Lo mismo sucedió con el uso del DDT. Durante tres décadas el químico fue extensamente utilizado para combatir insectos en casas y cultivos. En 1972 fue prohibido su uso doméstico en Estados Unidos, cuando, después de una investigación de tres años, se encontró que provocaba graves daños a la salud humana y al medio ambiente. Hoy sabemos que lo que se conocía como el «plaguicida milagroso», el gran instrumento de desarrollo, es en realidad un peligroso veneno.

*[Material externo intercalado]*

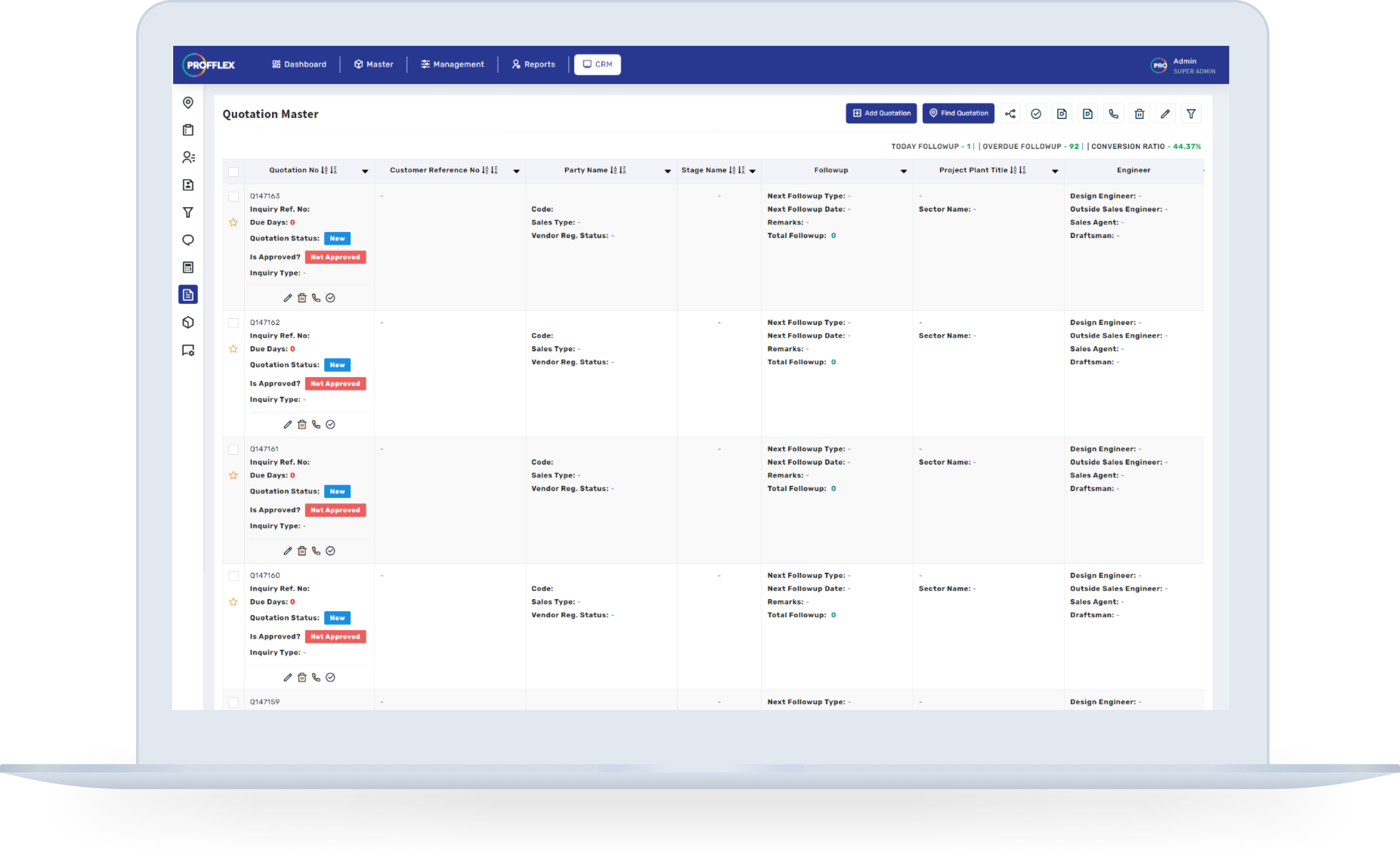 Profflex is designed to go beyond mere production management. With its built-in Customer Relationship Management (CRM) features, Profflex enables manufacturers to manage customer relationships more effectively and efficiently. The system provides a comprehensive suite of tools that cover every aspect of the customer lifecycle, from lead generation to order fulfillment.

Durante años el modelo de comida rápida consumida en Estados Unidos y «exportada» por conducto de sus franquicias fue un ejemplo de modernidad. Hamburguesas, pollo frito, malteadas, queso industrial y gaseosas fueron sinónimos de primer mundo y «juventud». Hoy está claro que esa alimentación provoca múltiples padecimientos, entre otros obesidad y altos índices de colesterol.
Como agricultor Javier Usabiaga ha tenido un éxito económico indudable. Sin embargo, el tipo de agricultura que impulsa ha degradado y contaminado los mantos freáticos, erosionado la tierra y profundizado la desigualdad social. Las futuras generaciones padecerán sus logros.
La oposición a los alimentos transgénicos no proviene de la ignorancia, sino de la opinión informada, el análisis científico y el sentido común. Quien gana con su cultivo no es la humanidad, sino unas cuantas empresas que producen sus semillas. Quien progresa con su siembra no son las naciones, sino los funcionarios que ponen el gobierno al servicio de las grandes firmas dueñas de sus patentes.
Por ello, a pesar de estar amenazada por una hambruna en 2002, Zambia rechazó un cargamento de maíz transgénico enviado como ayuda alimentaria. Por ello, más y más agricultores en el mundo rechazan su uso y más y más consumidores objetan su comercialización. Simple y sencillamente la comida transgénica no es segura.